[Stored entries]

++++++

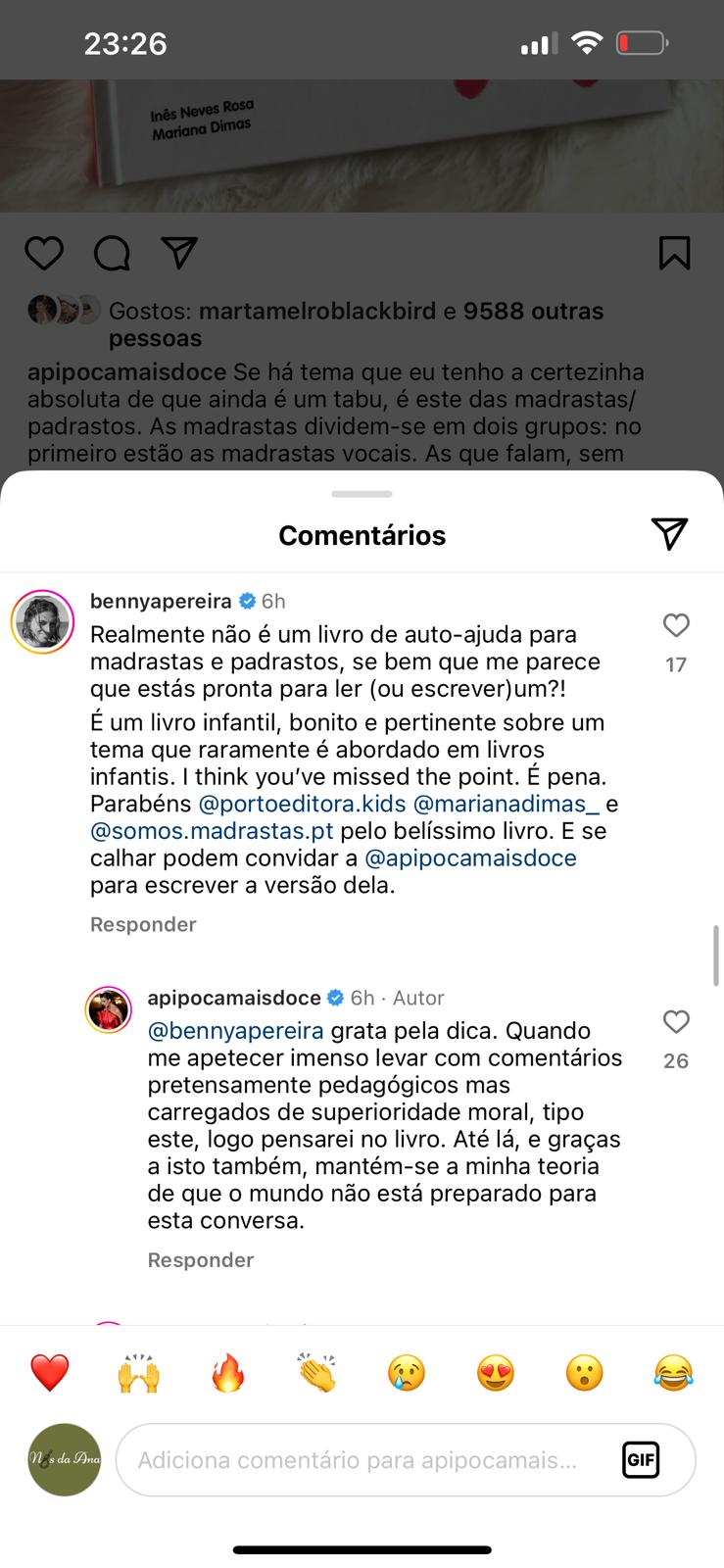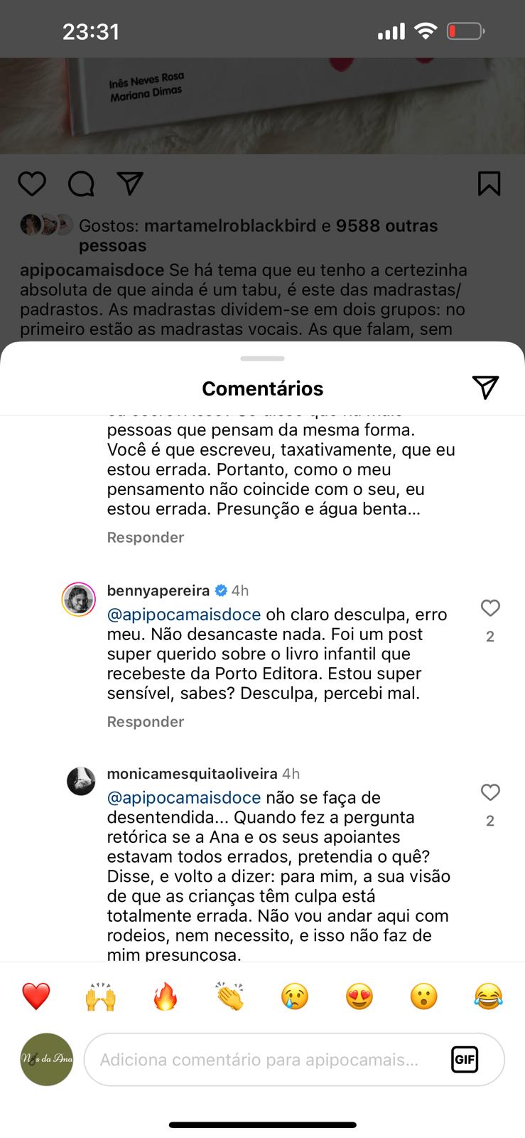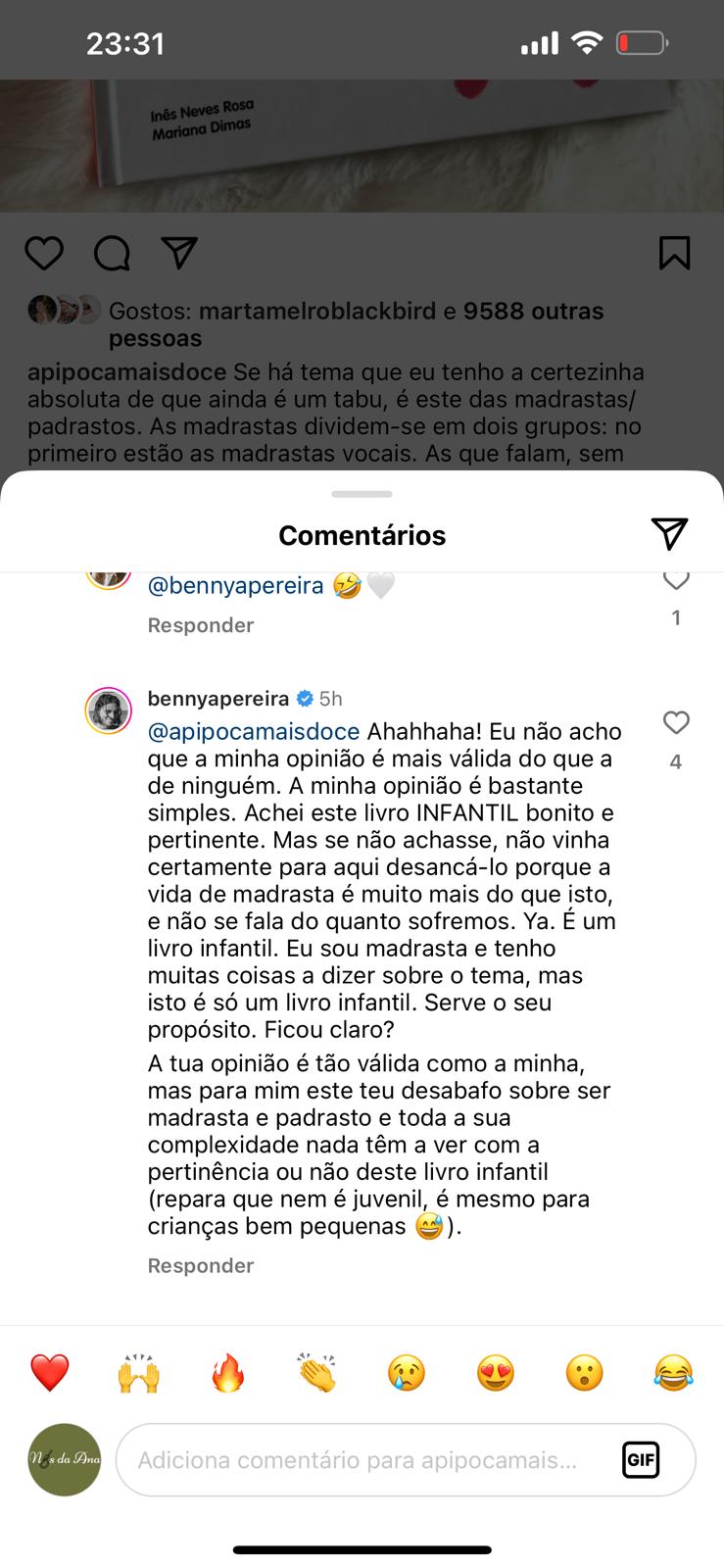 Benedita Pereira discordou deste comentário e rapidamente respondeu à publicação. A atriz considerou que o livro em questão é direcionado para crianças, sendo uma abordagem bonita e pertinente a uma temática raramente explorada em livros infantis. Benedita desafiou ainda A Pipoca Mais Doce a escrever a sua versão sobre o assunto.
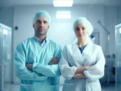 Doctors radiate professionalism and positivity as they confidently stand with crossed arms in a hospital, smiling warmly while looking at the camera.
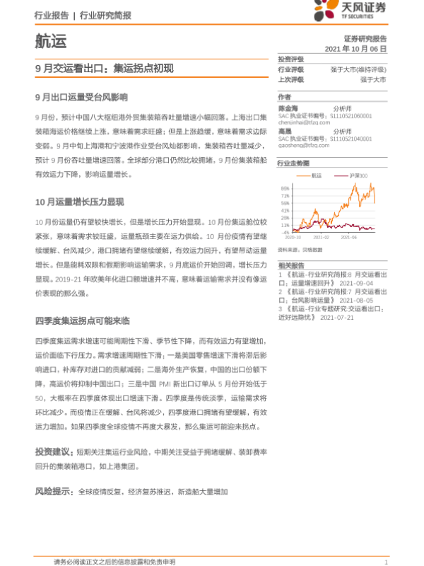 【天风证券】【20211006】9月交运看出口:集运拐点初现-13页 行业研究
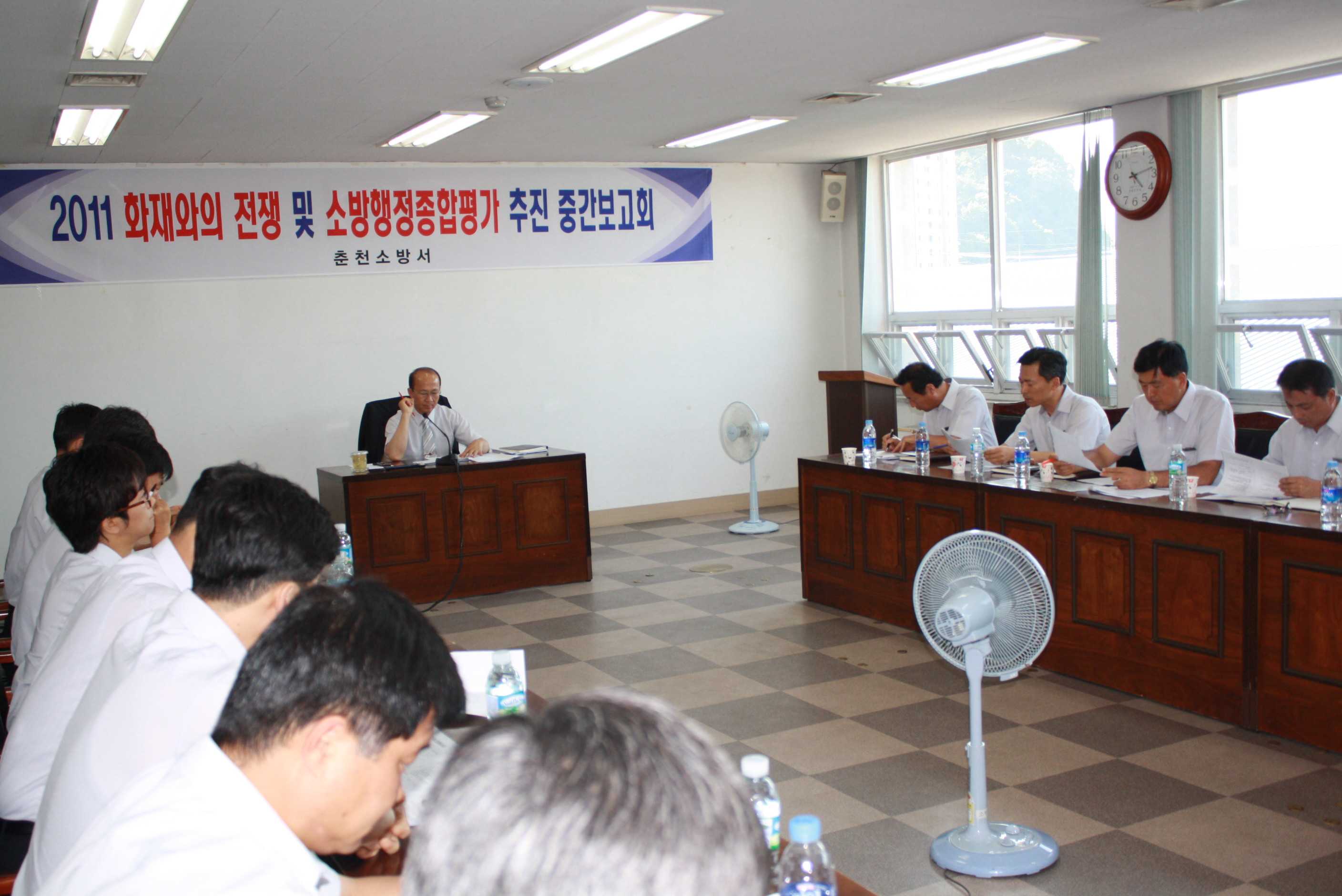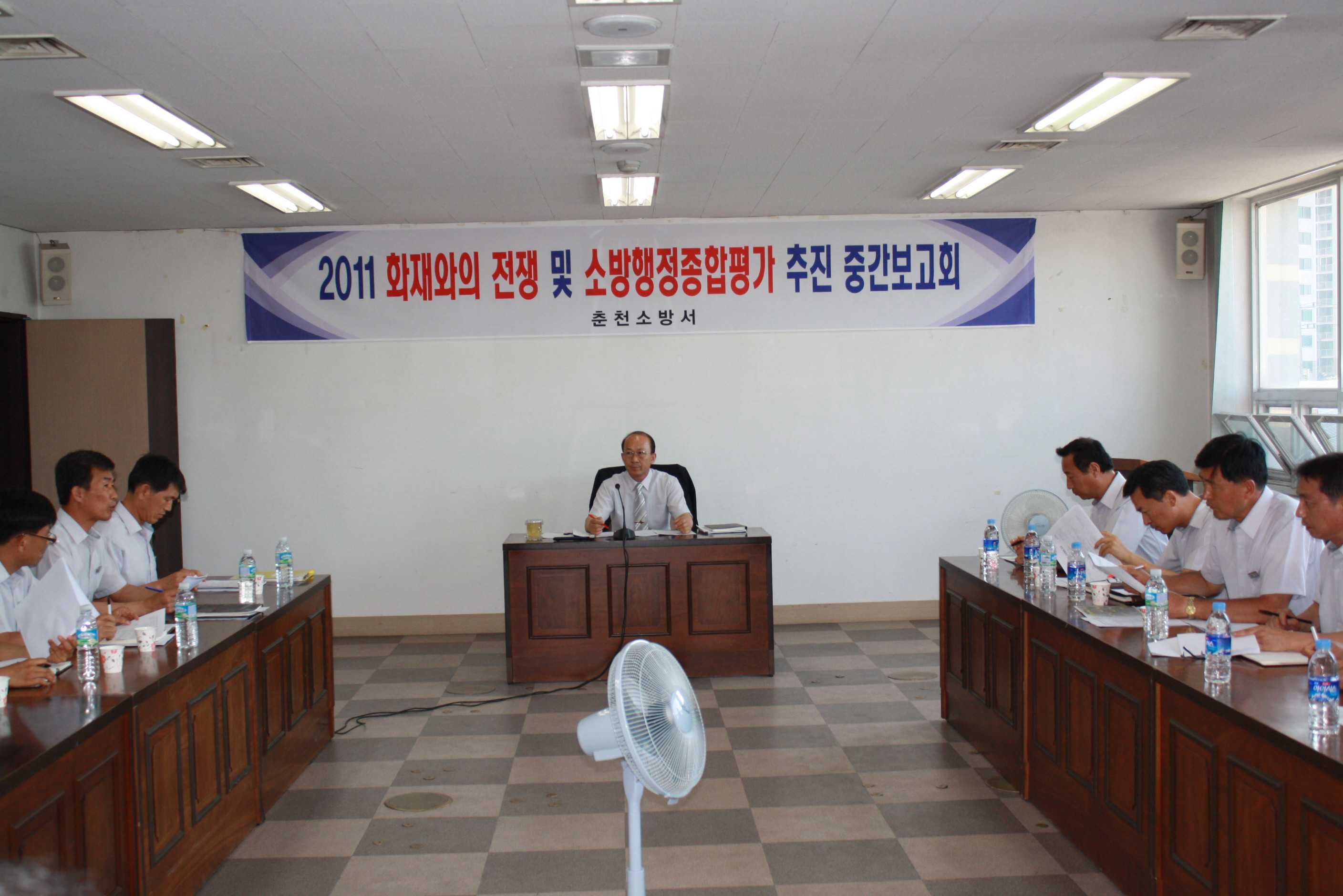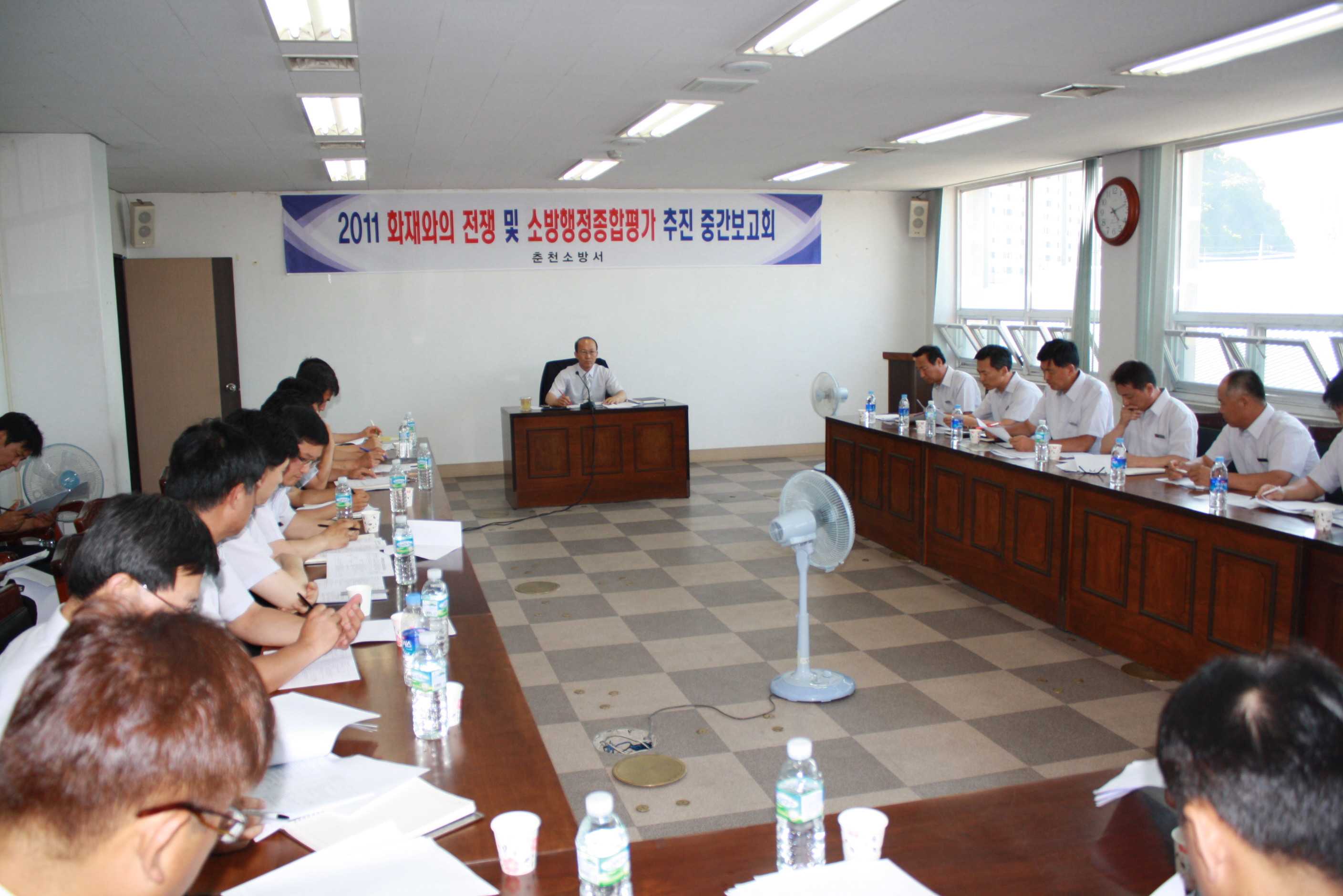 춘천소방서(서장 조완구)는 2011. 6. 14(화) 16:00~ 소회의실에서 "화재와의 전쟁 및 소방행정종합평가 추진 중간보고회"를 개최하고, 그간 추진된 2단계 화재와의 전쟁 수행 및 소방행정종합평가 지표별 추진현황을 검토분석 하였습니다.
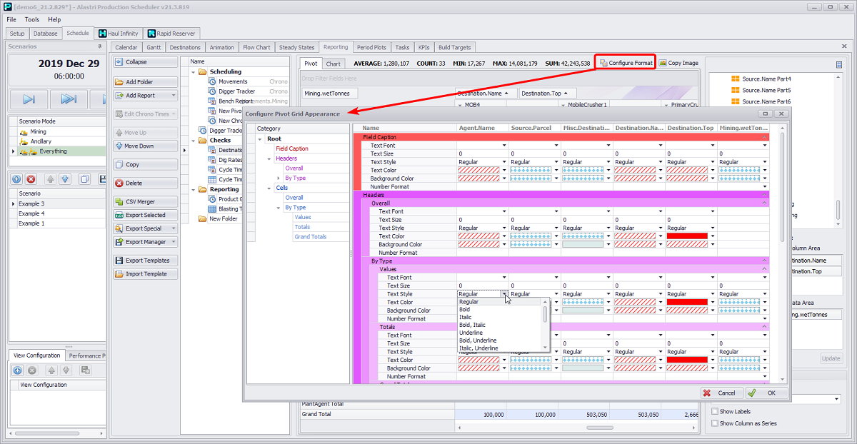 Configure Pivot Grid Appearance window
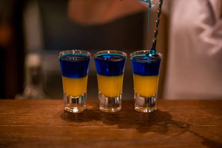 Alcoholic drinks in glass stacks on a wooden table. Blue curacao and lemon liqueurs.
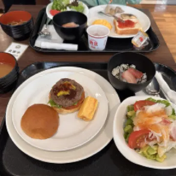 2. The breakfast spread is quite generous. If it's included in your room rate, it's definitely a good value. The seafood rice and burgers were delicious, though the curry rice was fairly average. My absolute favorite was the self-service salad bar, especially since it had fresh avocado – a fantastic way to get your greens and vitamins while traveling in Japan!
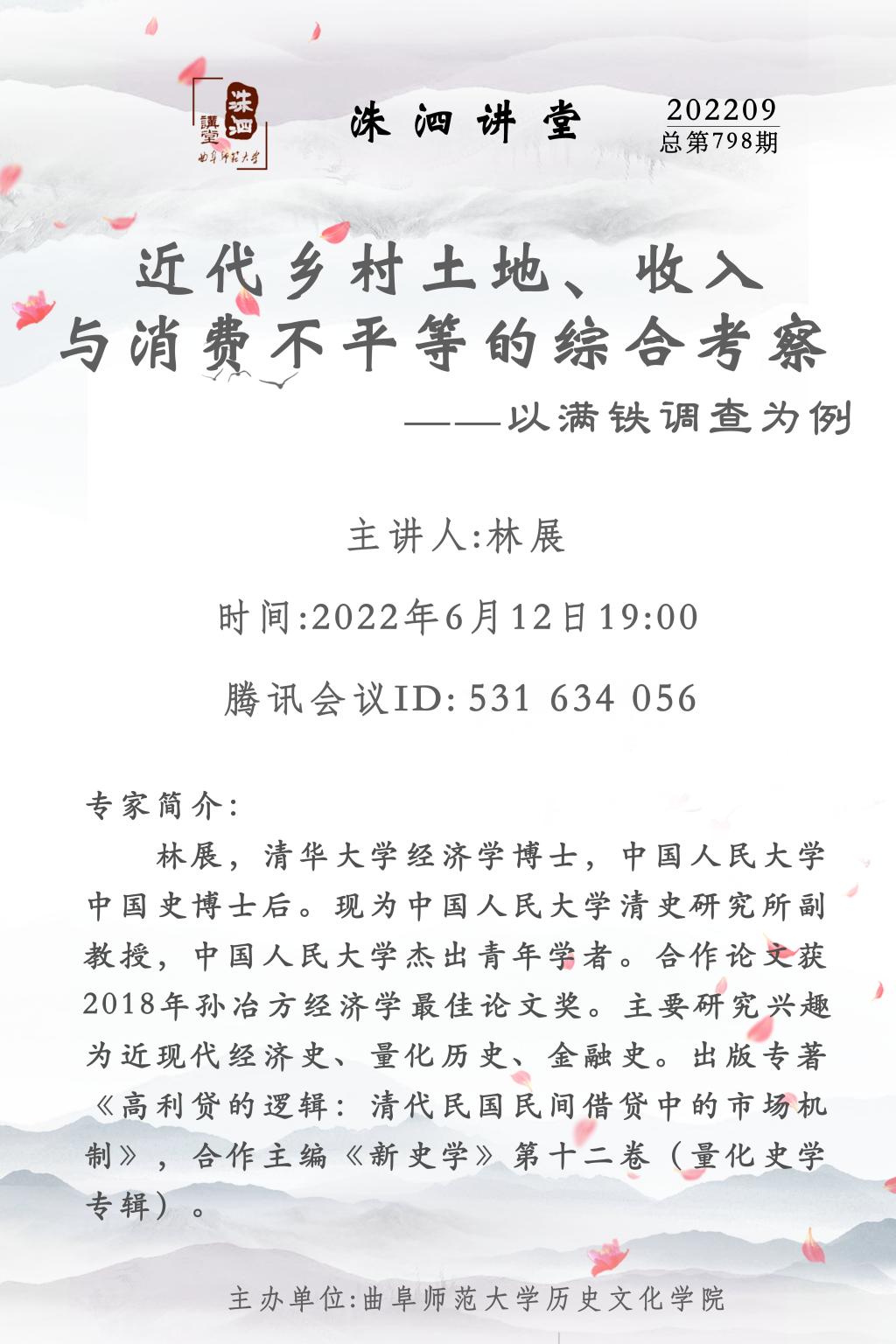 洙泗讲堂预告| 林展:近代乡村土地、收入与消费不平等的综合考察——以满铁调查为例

++++++

* _Problem requirements_
Go back to the line containing "Alcoholic drinks in" and output it and every line after it through the end of the records, exactly, but not the pictures.

* _Answer for the task_
 Alcoholic drinks in glass stacks on a wooden table. Blue curacao and lemon liqueurs.
 2. The breakfast spread is quite generous. If it's included in your room rate, it's definitely a good value. The seafood rice and burgers were delicious, though the curry rice was fairly average. My absolute favorite was the self-service salad bar, especially since it had fresh avocado – a fantastic way to get your greens and vitamins while traveling in Japan!
 洙泗讲堂预告| 林展:近代乡村土地、收入与消费不平等的综合考察——以满铁调查为例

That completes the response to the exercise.